When I took my kids toys away, I think people had visions of my daughter playing with a corncob doll like Laura Ingalls Wilder in an empty bedroom. I can assure you all, my daughters have a stunning amount of stuff, no matter how much I throw away.

When I went on a recent trip to the Dominican Republic through Compassion Bloggers, I was pretty astounded and humbled by the staggering weight of true poverty. The very fact we have soft beds, a roof over our heads, food to eat, clean clothes to wear, and water to drink puts us leaps and bounds ahead of most of the world in terms of abundance.

With a sweet friend in the Dominican Republic during my trip, where I realized just how much we truly have.

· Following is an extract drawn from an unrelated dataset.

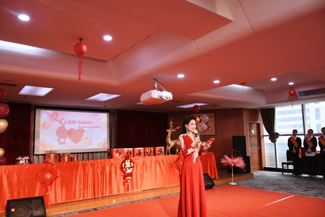 活动主持人是来自血站机采科的邓乔,她首先向到场的所有献血者代表致以热烈的欢迎,并致敬每一位默默奉献的献血者,感谢他们用热血为临床危重患者点燃生命希望,让现场氛围迅速升温。

Recognizing what we have and the items we need versus simply “want” can be a life-changer when it comes to stopping the flow of stuff. You may think you NEED another candle, a black long-sleeved tee, or a pair of running sneakers that match your hoodie, but really? Most of us truly have enough.

Having the Courage to Let Go

Once you realize how much you have and what you really need, it can be easier to let things go. It also helps to recognize the deeper underlying reasons you might be holding on to items.

It isn’t easy. At all.

But I’ve found it helps keep reminding myself that people and stuff are not the same, and that I need to let go of anything that is not currently useful, despite who gave it to me, and despite how much it cost.  When I approach the task of decluttering with those guidelines in mind, it helps alleviate a lot of the guilt.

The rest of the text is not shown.